Native grass, forb, and shrub seed is needed to restore rangelands of the U.S. Intermountain West. Fernleaf biscuitroot [Lomatium dissectum (Nutt.) Mathias & Constance] is a desirable component of rangelands. Commercial seed production is necessary to provide the quantity and quality of seed needed for rangeland restoration and reclamation efforts. Fernleaf biscuitroot has been used for hundreds if not thousands of years in the western United States as a source of food and medicine. Knowledge about fernleaf biscuitroot is confined to ethnobotanical reports, evaluation of some of its chemical constituents, and its role in rangelands. Products derived from fernleaf biscuitroot are sourced from wild plant populations. Little is known about fernleaf biscuitroot cultivation or its seed production.
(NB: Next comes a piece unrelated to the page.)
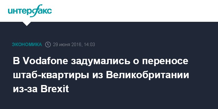 Москва. 29 июня. INTERFAX.RU - Британский оператор мобильной связи Vodafone Group Plc может перенести штаб-квартиру за пределы страны из-за решения Великобритании о выходе из ЕС (Brexit), пишет газета The Wall Street Journal.

Variations in spring rainfall and soil moisture result in highly unpredictable water stress at flowering, seed set, and seed development of fernleaf biscuitroot. Water stress is known to compromise seed yield and quality for other seed crops. Irrigation trials were conducted at the Oregon State University Malheur Experiment Station at Ontario, OR, a location within the natural environmental range of fernleaf biscuitroot. It was anticipated that supplemental irrigation would be required to produce a seed crop in all years. Fernleaf biscuitroot was established through mechanical planting and cultivation on 26 Oct. 2005 in a randomized complete block design with four replicates; plot size was 9.1 m × 3.04 m wide. Irrigation treatments were 0 mm, 100 mm, and 200 mm/year applied in four equal treatments 2 weeks apart, timed to begin with flowering and continue through seed formation. First flowering occurred in the third year after planting. Seed production increased from the fourth through the sixth year. Optimal irrigation for seed production was calculated as 140 mm/year.